As 2023 comes to a close, investors may want to consider how they can use tax-loss selling to their benefit.
Buying stocks low and selling them high is ideal, but sometimes investments go sour. In such cases, all hope is not lost — at the end of the year, investors can sell investments that provided losses instead of capital gains.
The money made from selling off losses can then be used to offset capital gains liabilities incurred for the year. This is the principle behind tax-loss selling, also known as tax-loss harvesting.
This valuable strategy offers investors another opportunity to lower their tax bill for 2023, according to the Wall Street Journal. In effect, it seems you really can win for losing. So let’s take a look at how tax-loss selling works.
How does tax-loss selling work?
Tax-loss selling is the process of selling stocks at a loss to reduce the capital gains earned on an investment. Since capital losses are tax deductible, they can be used to offset capital gains and reduce tax liability on an investor’s tax return.
Tax-loss selling generally involves investments related to huge losses, and because of this, these sales generally focus on a relatively small number of securities within the public markets. However, it’s important to be aware that if a large number of sellers were to execute a sell order in tandem, the price of the securities would fall.
It’s also worth noting that once selling season has ended, shares that have become largely oversold can bounce back. In addition, the fact that tax-loss selling often occurs in November and December means the most attractive securities for tax-loss selling are investments that are likely to generate strong capital gains early in the next year.
As a result, a potentially beneficial strategy would be to buy during the selling season and sell after the tax loss has been established. This approach could be used on either long-term capital gains or short-term capital gains.
Some investors may consider selling an asset at a loss, deducting that loss for a tax gain and then purchasing the same stock again in an effort to evade taxes. This is known as a wash sale, and is prohibited by the Internal Revenue Service (IRS); if the IRS deems a transaction to be a wash, the investor would not be allowed any tax benefits.

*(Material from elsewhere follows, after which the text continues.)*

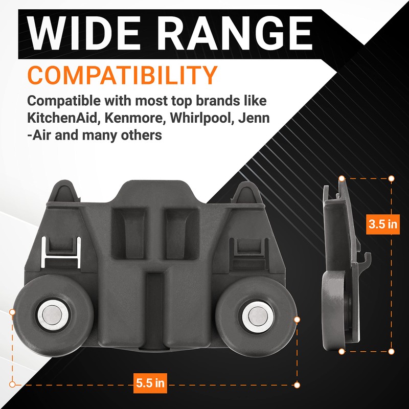 • ✅ PERFECT MATCH: W10195416 Upgraded Lower Dishwasher Wheels replaces part numbers: #WPW10195417, WPW10195417VP, AP4538395, PS11750057, EA2579553, AH2579553, PS2579553. It is made exactly fit for several models of top-name brands (Kenmore, KitchenAid, Whirlpool, Jenn-Air).

To avoid this situation, investors must wait 30 days to repurchase shares that were originally sold for a loss. Additionally, shares sold for a loss must have been in the investor’s possession for over 30 days.
What are the important tax-loss selling dates for 2023?
Tax-loss selling comes with many potential benefits, but it nevertheless has some strings attached.
The key thing for investors to remember is that it has deadlines. For investors filing their taxes in Canada, the last day for tax-loss selling in 2023 is December 27. Stocks purchased or sold after this date will be settled in 2024, so any capital gains or losses will apply to the 2024 tax year. The system differs for those filing their taxes in the US, and based on information from the IRS, the last day for tax-loss selling this year is December 29.
Investors should always consult with an expert or review relevant tax documents directly for complete answers. The information contained in this article should not be considered tax advice.
The flip side of tax-loss selling
As tax-loss selling starts, opportunities can open up for those who have spent the year on the sidelines.
In her piece “How Bout Tax Loss Buying?,” Gwen Preston of Resource Maven explains that Canaccord Genuity (TSX:CF,OTC Pink:CCORF) has found that from mid-November to mid-December, S&P/TSX Composite Index (INDEXTSI:OSPTX) stocks down more than 15 percent year-to-date underperform the index by nearly 4 percent. However, from mid-December to mid-January, those same stocks outperform the index by 3.6 percent.
“That outperformance is on top of gains the TSX reliably generates over that time frame,” Preston explains. “So instead of only seeing tax-loss selling as a time to generate tax credits by dumping dogs, let’s look at the opportunity to profit.”
Watch Gwen Preston of Resource Maven discuss tax-loss selling.
How can investors time tax-loss selling?
Regardless of whether you’re engaging in tax-loss selling or buying, Steve DiGregorio, portfolio manager at Canoe Financial, recommends acting swiftly and aggressively as “liquidity will dry up.”
He sees the second and third week of December as the ideal window, which is well ahead of the “Santa Claus rally” — the period around the last week of December when stocks tend to rise ahead of a healthier market in January.
For now, the year isn’t over yet, so whether you’re tax-loss selling or buying, there’s still time to talk to your accountant or financial advisor to determine which approach is best for you.
Securities Disclosure: I, Melissa Pistilli, hold no direct investment interest in any company mentioned in this article.